ReScript’s optimization claims are technically true but misleading. The type system does encourage some patterns that work well with JavaScript engines, but it’s not doing the performance work for you.

For Next-Gen Web Development, this is actually good news. We don’t want tools that hide performance complexity behind magical optimizations—we want tools that help us write better code while still giving us control over performance-critical decisions.

ReScript delivers on its primary promise: type safety and functional programming for JavaScript. The performance benefits, when they occur, are a pleasant side effect of good software engineering practices, not compiler magic.
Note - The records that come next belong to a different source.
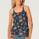 Women's All-Over Print Racerback Tank Top, Black Piping, S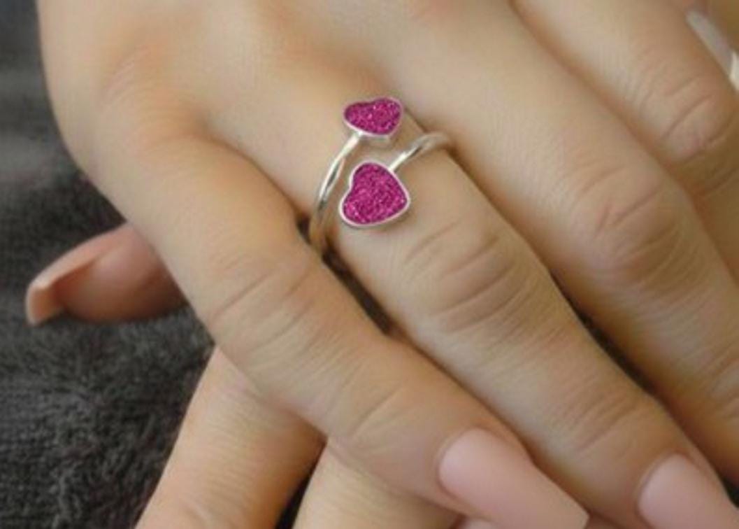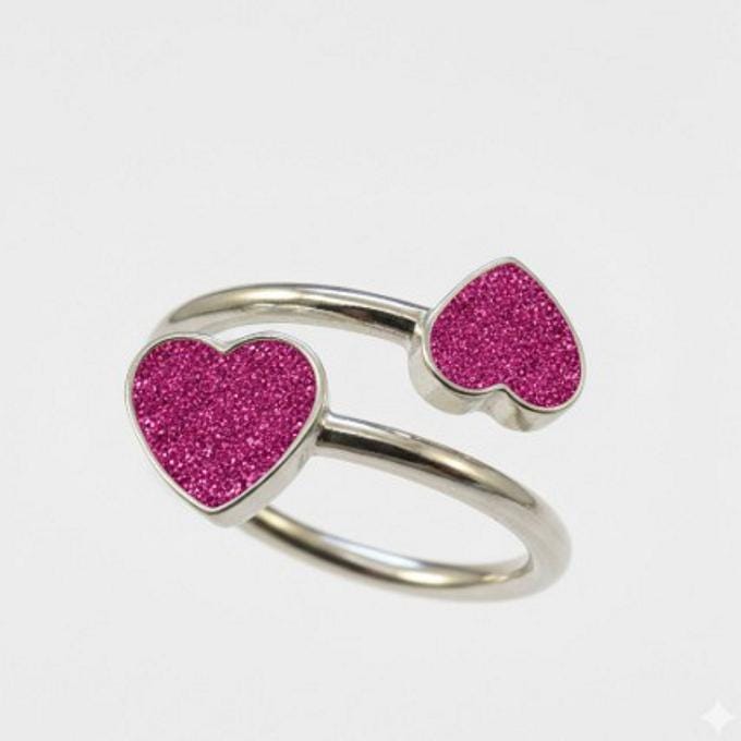 This is a genuine Hallmarked Sterling Silver Double Heart Adjustable Ring incorporating the ashes, hair or fur of a loved one or pet with Magenta Eco-Glitter.
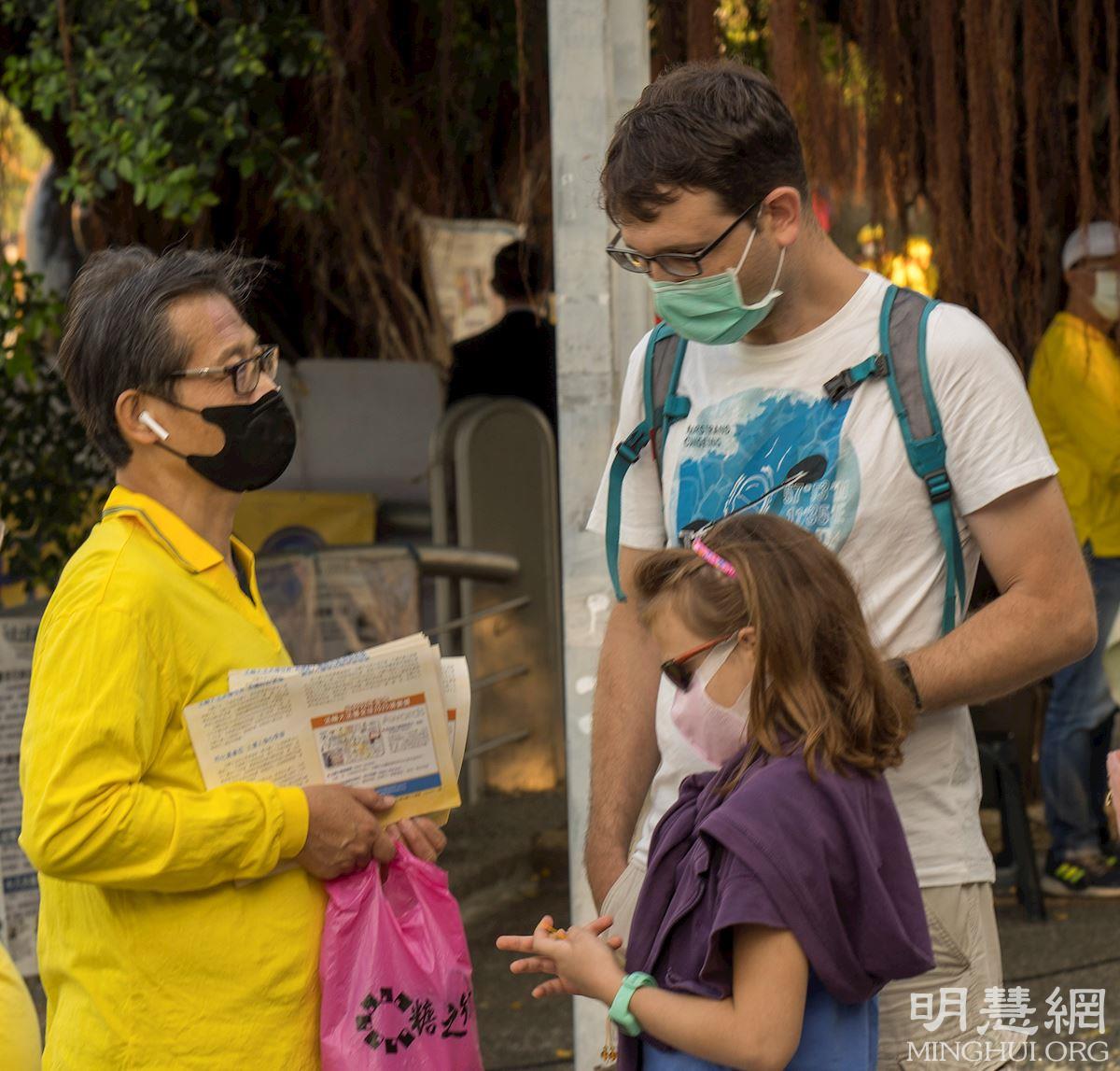 一位学员过去为他做简介,他听完后表示,对法轮功学员以这种方式展现法轮功的美好,他很认同学员的做法,认为可以破除中共对法轮功的污蔑宣传。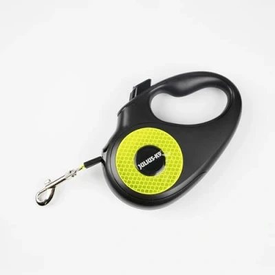 Julius K9 Retractable Dog Lead, S 5 m Tape, Black/Neon anti slip handle, ribbon leash, extandable, one handed brake, pause, lock, reflective ribbon, tangle free, heavy duty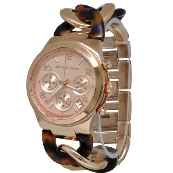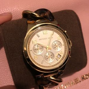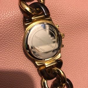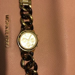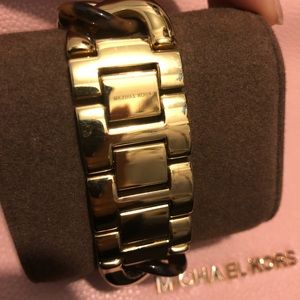 Michael Kors Tortoise Women’s Watch in GUC minor scratches on the goldtone twisted bracelet nothing very noticeable! NEEDS NEW BATTERY!

If you’re choosing ReScript, choose it for type safety, not performance optimization. And remember: there’s no substitute for understanding the platform you’re targeting. Even with the best tools, JavaScript performance expertise remains essential for building truly fast web applications.


Building the future of web development means making informed decisions based on evidence, not marketing claims. ReScript is a valuable tool in the Next-Gen Web Dev toolkit—just not for the reasons its documentation suggests.